### What is expected
Here the job is to print only the lines from the one containing "GIGABYTE X870E AORUS" to the end of the entries, both included, exactly as they stand, with pictures excluded.

### The input
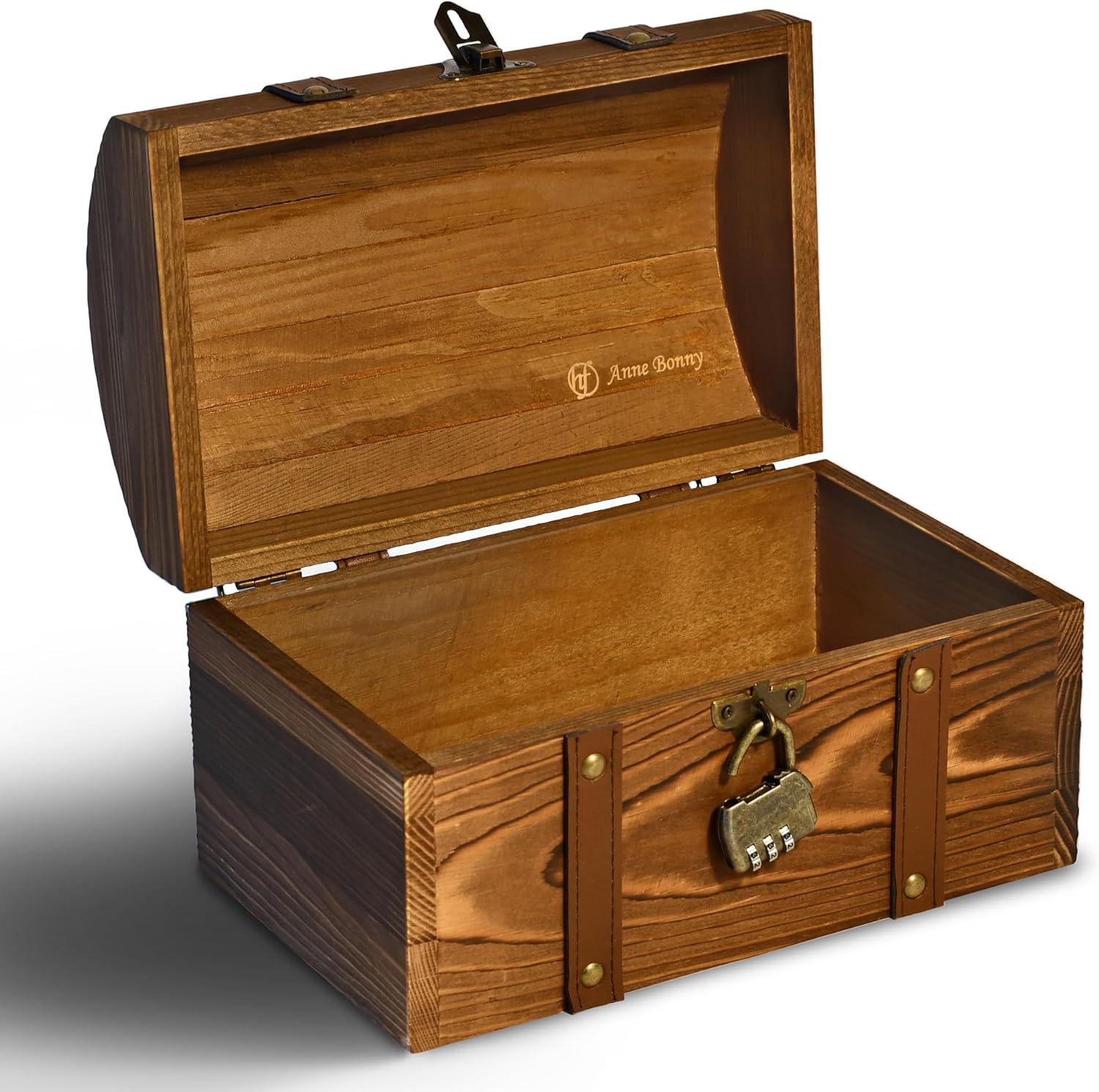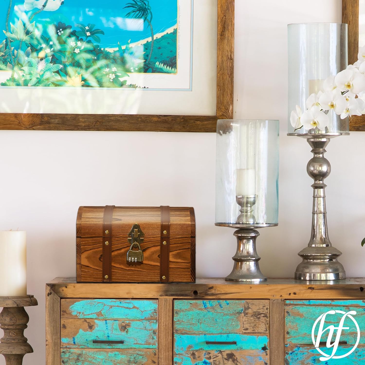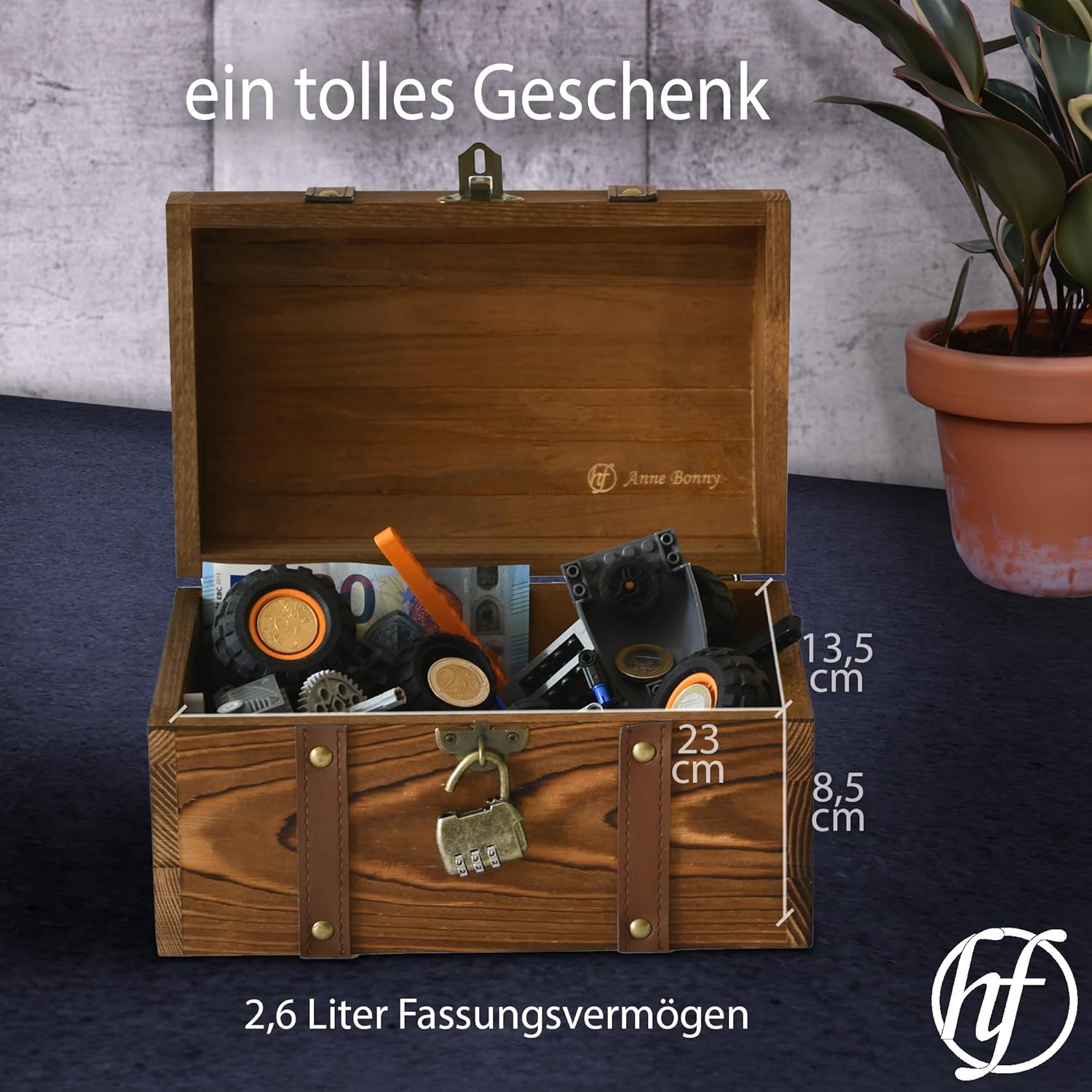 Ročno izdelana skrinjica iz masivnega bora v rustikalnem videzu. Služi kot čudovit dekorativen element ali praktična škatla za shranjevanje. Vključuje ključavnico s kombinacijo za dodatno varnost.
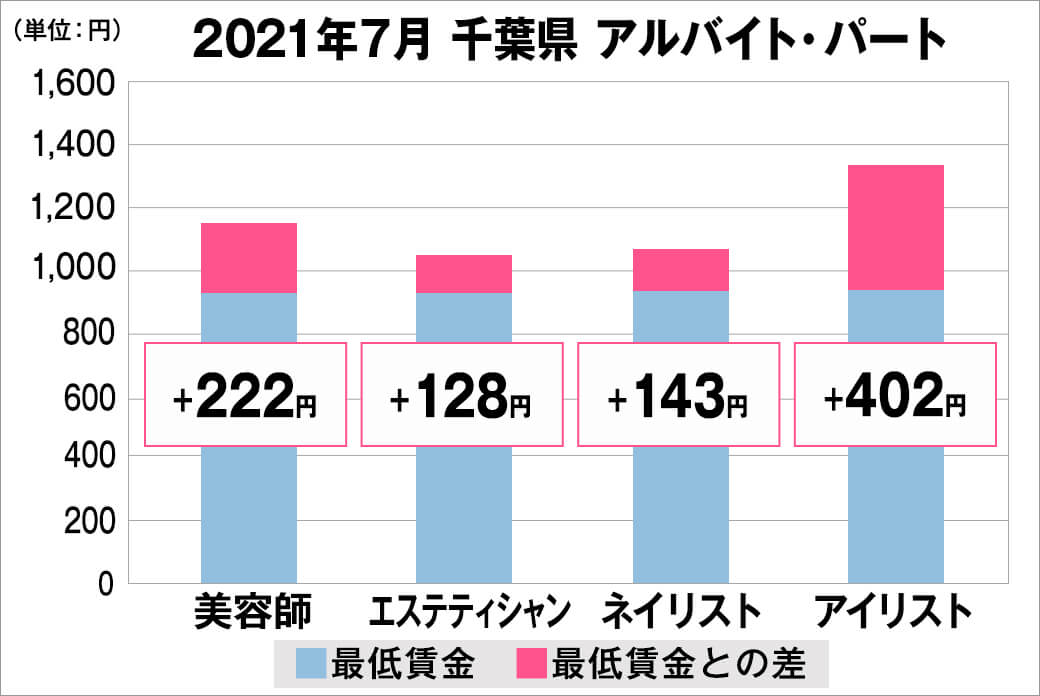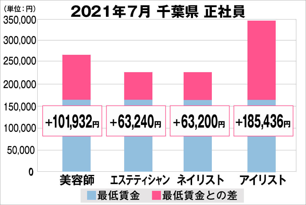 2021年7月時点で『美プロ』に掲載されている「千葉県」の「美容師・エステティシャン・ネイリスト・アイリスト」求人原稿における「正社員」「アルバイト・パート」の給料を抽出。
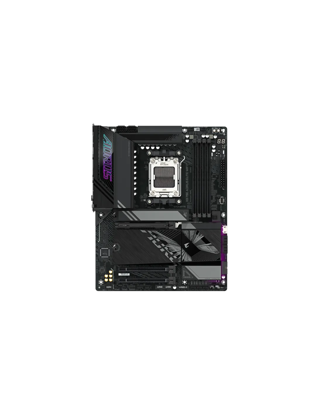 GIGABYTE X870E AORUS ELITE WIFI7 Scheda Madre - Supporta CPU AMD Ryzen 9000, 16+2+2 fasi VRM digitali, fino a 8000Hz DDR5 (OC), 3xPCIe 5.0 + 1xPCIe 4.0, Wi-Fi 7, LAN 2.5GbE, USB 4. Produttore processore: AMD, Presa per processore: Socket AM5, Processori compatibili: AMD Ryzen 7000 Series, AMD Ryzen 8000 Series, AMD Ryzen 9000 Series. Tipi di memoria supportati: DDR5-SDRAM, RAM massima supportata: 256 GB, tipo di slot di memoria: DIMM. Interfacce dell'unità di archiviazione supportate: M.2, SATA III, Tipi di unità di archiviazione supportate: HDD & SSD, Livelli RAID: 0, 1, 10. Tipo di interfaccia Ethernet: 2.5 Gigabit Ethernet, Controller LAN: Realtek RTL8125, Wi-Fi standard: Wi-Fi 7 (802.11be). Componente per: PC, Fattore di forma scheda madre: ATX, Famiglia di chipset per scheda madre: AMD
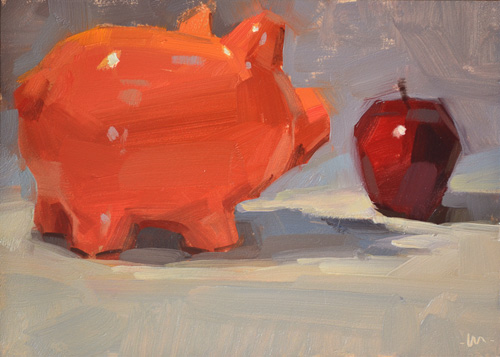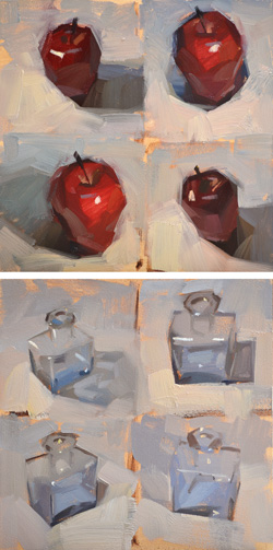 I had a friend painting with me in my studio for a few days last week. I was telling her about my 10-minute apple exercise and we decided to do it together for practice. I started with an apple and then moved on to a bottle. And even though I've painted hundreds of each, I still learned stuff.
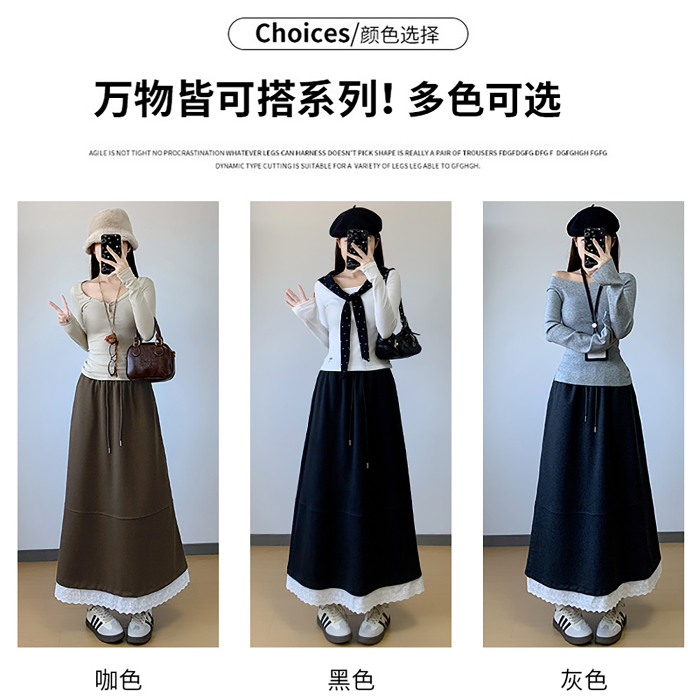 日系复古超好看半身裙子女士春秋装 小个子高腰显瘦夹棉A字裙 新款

### Task response
 GIGABYTE X870E AORUS ELITE WIFI7 Scheda Madre - Supporta CPU AMD Ryzen 9000, 16+2+2 fasi VRM digitali, fino a 8000Hz DDR5 (OC), 3xPCIe 5.0 + 1xPCIe 4.0, Wi-Fi 7, LAN 2.5GbE, USB 4. Produttore processore: AMD, Presa per processore: Socket AM5, Processori compatibili: AMD Ryzen 7000 Series, AMD Ryzen 8000 Series, AMD Ryzen 9000 Series. Tipi di memoria supportati: DDR5-SDRAM, RAM massima supportata: 256 GB, tipo di slot di memoria: DIMM. Interfacce dell'unità di archiviazione supportate: M.2, SATA III, Tipi di unità di archiviazione supportate: HDD & SSD, Livelli RAID: 0, 1, 10. Tipo di interfaccia Ethernet: 2.5 Gigabit Ethernet, Controller LAN: Realtek RTL8125, Wi-Fi standard: Wi-Fi 7 (802.11be). Componente per: PC, Fattore di forma scheda madre: ATX, Famiglia di chipset per scheda madre: AMD
 I had a friend painting with me in my studio for a few days last week. I was telling her about my 10-minute apple exercise and we decided to do it together for practice. I started with an apple and then moved on to a bottle. And even though I've painted hundreds of each, I still learned stuff.
 日系复古超好看半身裙子女士春秋装 小个子高腰显瘦夹棉A字裙 新款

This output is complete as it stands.